Before delving into the origins of the gods of Asgard, Gaiman draws us in, setting upon the stage the three characters with whom we are most well-acquainted:
Odin
The all-father, who created the world and who hung from Yggdrasil, the world-tree, nine nights until the runes were revealed to him and he understood magic.
Thor
The thunderer – good-natured and powerful, wielding Mjollnir, the hammer forged for him by dwarves, with which he defends Asgard.
Loki
A frost giant and Odin’s blood-brother. Shrewd, likable even, Loki is utterly untrustworthy – a shape-shifter who can fly across the sky.
It is Loki, the frost giant – not Thor or Odin – who is at the center of the myths in Gaiman’s Norse Mythology, and not in a good way. As Gaiman tells us, “Loki and his children will be there for Ragnarok, the end of everything, and it will not be on the side of the gods of Asgard that they will fight.”
After reacquainting ourselves with Odin, Thor, and Loki, we dive into the origins of the Norse universe. In the beginning was nothing (as is often the case) – only Surtr, a warrior who stands with a flaming sword. We meet Surtr again at the book’s end, when he burns all existence with that sword. Nasty fellow.

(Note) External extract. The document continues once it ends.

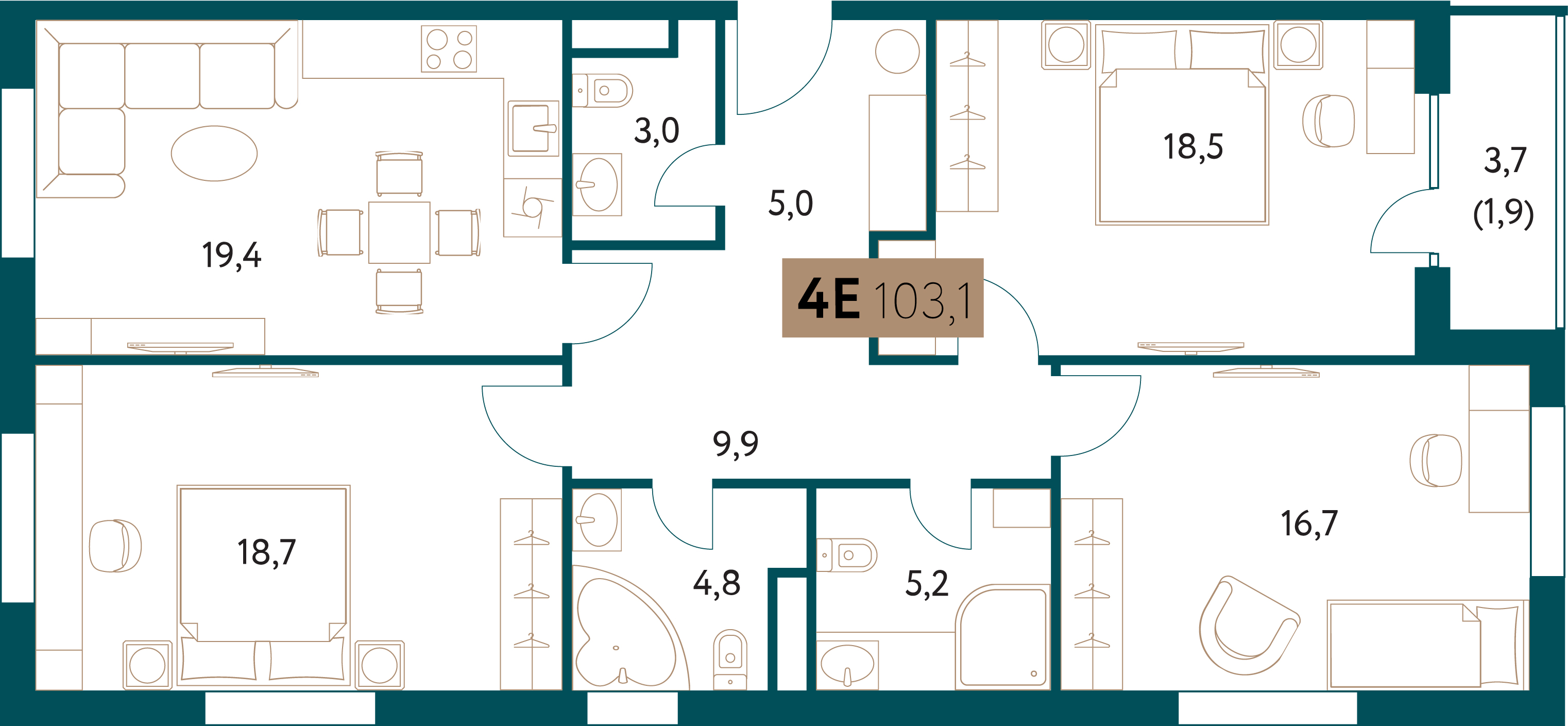Квартира 103.10м2 на 4 этаже за 48 527 114 Р.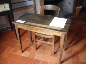 – Emprunter l’escalier qui même à son bureau, mettre nos pas dans les siens pour approcher ces vitrines remplies par ses soins,…et lire avec émotion les quelques lignes dédiées à » sa petite table » de travail : « Que deviendras-tu quand le Maître ne sera plus là?»

We also meet Ymir – genderless, larger than worlds, and the ancestor of all giants – as well as an enormous, hornless cow whose milk Ymir drinks for nourishment. The cow, with its gigantic pink tongue, licks a block of ice into a human shape that becomes Buri, ancestor of the gods. Ymir meanwhile births two giants from which all the other giants are descended. Pretty weird, but still efficient as far as origin stories go. As it happens, Buri is Odin’s grandfather. Odin and his brothers end up killing Ymir and, from its body, creating the world, a flat disk encircled by the sea, at the edges of which live giants. Our world is called Midgard, Middle Earth. You may have heard of it somewhere.
The tales herein are fantastic and we learn of many gods and goddesses of Asgard – Heimdall, watchman of the gods; lovely Sif, Thor’s wife whose hair Loki steals; Frey, who controls the weather and falls madly for a giantess; Idunn, whose apples of immortality Loki steals. Are you sensing a pattern here?
Lovers of mythology will enjoy this short (250 pages) collection of tales, but so will those with a fondness for Gaiman’s wit, as it is present throughout Norse Mythology. It’s less than subtle sometimes, particularly when Gaiman writes of Thor, who becomes something of a comically brutish and slow-witted character in the author’s hands:
“Lit, one of the dwarfs, walked in front of Thor to get a better view of the pyre, and Thor kicked him irritably into the middle of the flames, which made Thor feel slightly better and made all the dwarfs feel much worse.”
We meet tricky frost giants, light elves of Alfheim, dwarves who bring the gods their greatest treasures, and more. Throughout these tales, Gaiman’s runic wizardry rivals that of Odin himself, and when, at Ragnarok, you’ve reached the world’s end and cyclical rebirth, you just may feel compelled to begin again yourself.